I knew that my 8-year-old would encounter discussion about bin Laden’s assassination at school through both older children as well as children whose families filter news and TV in different ways than our family chooses to do. I chose to tell her that the man who was most responsible for planning the 9/11 attacks had been found by the American military, and that in the course of going to capture him, he was killed by American forces. I told her that she would likely hear people talking about it because we have been looking for him for a very long time so that he couldn’t plan things that would hurt anyone else, and that people were very glad about that.
This was not the perfect truth, I know. I do not know for a fact whether our primary intention was to capture or kill – from what I have read, this was, truly, a “kill mission.” But the idea of state-sanctioned assassination is not an issue that I am ready to discuss with my daughter, and am uncomfortable with myself. I told her what I felt was a reasonably accurate version of the truth that didn’t invite questions that I felt were above her ability to process.
The discussion among my adult friends centered less on the morality of the mission itself. Most adults understand the necessity of such actions, if not wholeheartedly support them. But there has been mixed reaction nationwide to the outright celebration of bin Laden’s killing and the appropriateness at partying over someone’s death, even an enemy’s. Many wonderful articles have circulated around social networking sites ranging from blogs to major media outlets addressing this issue. I think my daughter was a bit too young and sheltered from the visual images of celebration and commentary to have picked up on this, but it left me wondering how I would address this with an older child.
When I first heard about bin Laden, I found the “Ding Dong the Witch is Dead” song from the movie version of “The Wizard of Oz” running through my head for quite a long time.
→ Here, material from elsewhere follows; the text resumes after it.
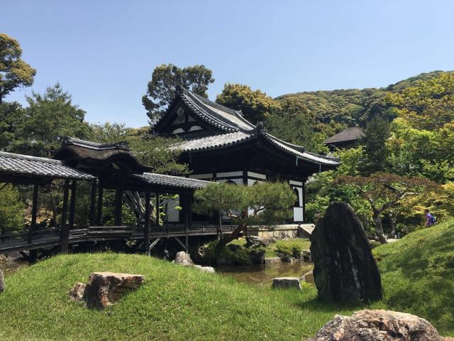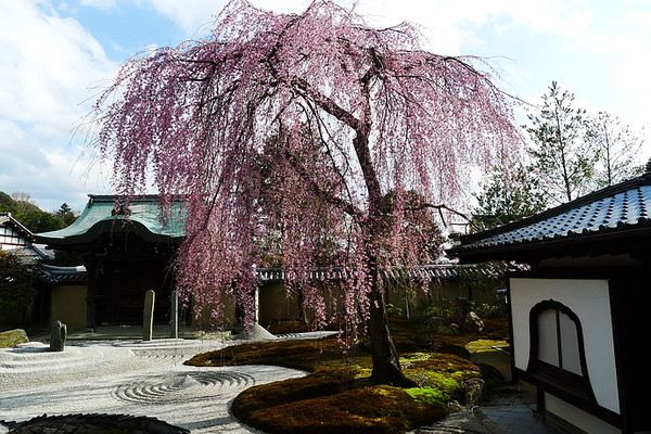高台寺依山而建,规模宏大,曾遭火灾焚毁,现仅存开山堂等建筑。寺内有伞亭、时雨亭茶室、灵屋、望月台等名胜景观。到了春季和秋季,高台寺的樱花和红叶的夜间灯饰观赏,是京都绝景之一。
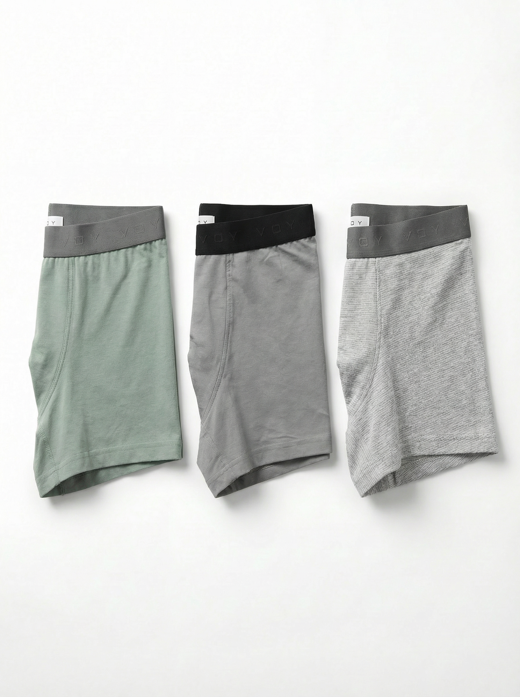 This curated trio features three balanced tones: muted sage green, smooth solid grey with black waistband contrast, and light heather grey with subtle texture. Designed to complement daily wear while maintaining a clean, modern look.

I wasn’t the only person, just among my group of friends, to remark about this on Facebook. I remembered that a few days later when pondering this issue of reaction to the death of an enemy.
I realized that American’s reactions shouldn’t be such a surprise when so much of movies and television teach us to behave in this way. Who didn’t cheer when the Colonel was killed at the end of Avatar? When Hans Gruber fell to his death at the end of Die Hard? More the point, when Murtaugh “revokes” diplomatic immunity at the end of Lethal Weapon 2.
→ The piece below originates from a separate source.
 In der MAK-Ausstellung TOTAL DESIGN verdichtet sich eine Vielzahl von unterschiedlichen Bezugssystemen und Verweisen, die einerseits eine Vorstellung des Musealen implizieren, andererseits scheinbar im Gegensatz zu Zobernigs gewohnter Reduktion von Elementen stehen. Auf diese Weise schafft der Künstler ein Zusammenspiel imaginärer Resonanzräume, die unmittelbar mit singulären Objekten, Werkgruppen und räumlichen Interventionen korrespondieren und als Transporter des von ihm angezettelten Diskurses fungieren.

When a revered children’s movie like The Wizard of Oz shows kids to throw a party when the Wicked Witch of the East is killed (one can imagine a similar one occurred after the Wicked Witch of the West melted), what are we to expect? Which made me realize that the Wizard of Oz provides a perfect vehicle to talk to children about this very issue.
Some questions to discuss with children:
- Why did the munchkins celebrate the death of the Witch?
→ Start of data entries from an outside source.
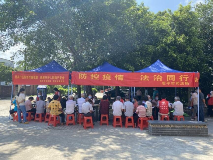 加强法治宣传,助力乡村振兴。为深化农村法治宣传教育,优化农村法治服务,恩平市司法局联合市农业农村局开展乡村法治宣传,助力乡村振兴发展。普法志愿者们通过悬挂宣传横幅、发放宣传单、现场答疑解惑等形式,向村民们宣传民法典、养老防诈等知识,积极引导人民群众无事学法、有事找法、遇事用法,号召大家做遵纪守法的好公民,将法治“和风”带到田间地头。将法治宣传带到基层,让法治春风沁润群众心里,让法治为乡村振兴助力。
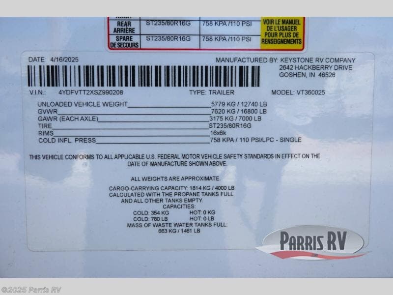 Request More Info on this 2025 Dutchmen Voltage V-Series 3600 Offered for sale by Parris RV
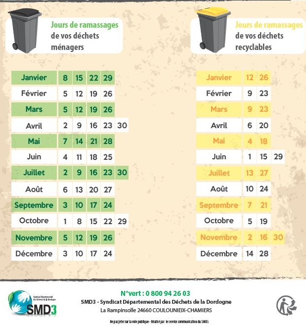 Ramassage des ordures ménagères. Pour le SMD3, soit sur les communes d’Ajat, Auriac, Azerat, Bars, Beauregard, Coly, Fossemagne, Gabillou, Limeyrat, Montagnac d’Auberoche, Peyrignac, Sainte-Orse, Thenon et Villac, depuis le 8 janvier 2018, le ramassage des ordures ménagères (bacs sombres seulement) a lieu tous les lundis et la collecte des déchets recyclables (bacs jaunes) a lieu un vendredi sur deux.
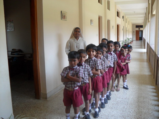 Suor M. Treesa con i bambini della sua classe
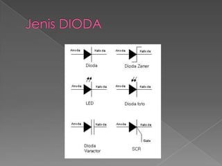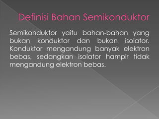 Dokumen ini membahas tentang semikonduktor dan komponen elektronik terkait seperti dioda dan transistor. Semikonduktor adalah bahan yang memiliki sifat antara konduktor dan isolator, contohnya silikon dan germanium. Komponen elektronik seperti dioda dan transistor dapat dirangkai menjadi sirkuit terintegrasi. Silicon Valley dikenal sebagai pusat industri semikonduktor dan komputer.
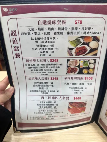 听讲烧味叉烧好出名,见外卖平台可以嗌就点左个五宝饭配可乐六十几蚊送到黎一打开真系吓亲劲大盒,全个底都系饭之余D烧味仲铺满左成个饭有烧鹅、叉烧、熏蹄、红肠、咸蛋个人认为60零蚊有咁多𩠌,性价比都几高🫶🏻🫶🏻烧鹅 外皮烧得好香,好多肉,不过件数比较少🦢🦢🦢叉烧半肥瘦味道偏甜 肉汁都好软淋🍖🍖🍖熏蹄好大件 不过都系冇乜味 点埋醋就好食🐽🐽🐽红肠正常大路嘢 唔会太咸咸蛋 偏咸 不过咸蛋黄好靓流晒油🥚🥚🥚外卖有咁嘅质素 五宝饭都算系咁落大雨或者天气好热嘅时候 都可以再嗌过

- How did Dorothy feel about having caused her death?
- How did the desire for revenge over her death affect the story?
- What was the result of that revenge?
- When Americans saw other groups of people celebrate the fall of the Twin Towers on 9/11, how do you think Americans felt (some background may of course be necessary here).
- What similarities or differences were there between their behavior and the behavior of celebrating Americans on May 1?
- What does it mean to “celebrate death” and to “honor the dead?”
- Why are people objecting to Americans celebrating the death of a murderer and terrorist?
- Is it possible to mourn the death of an enemy?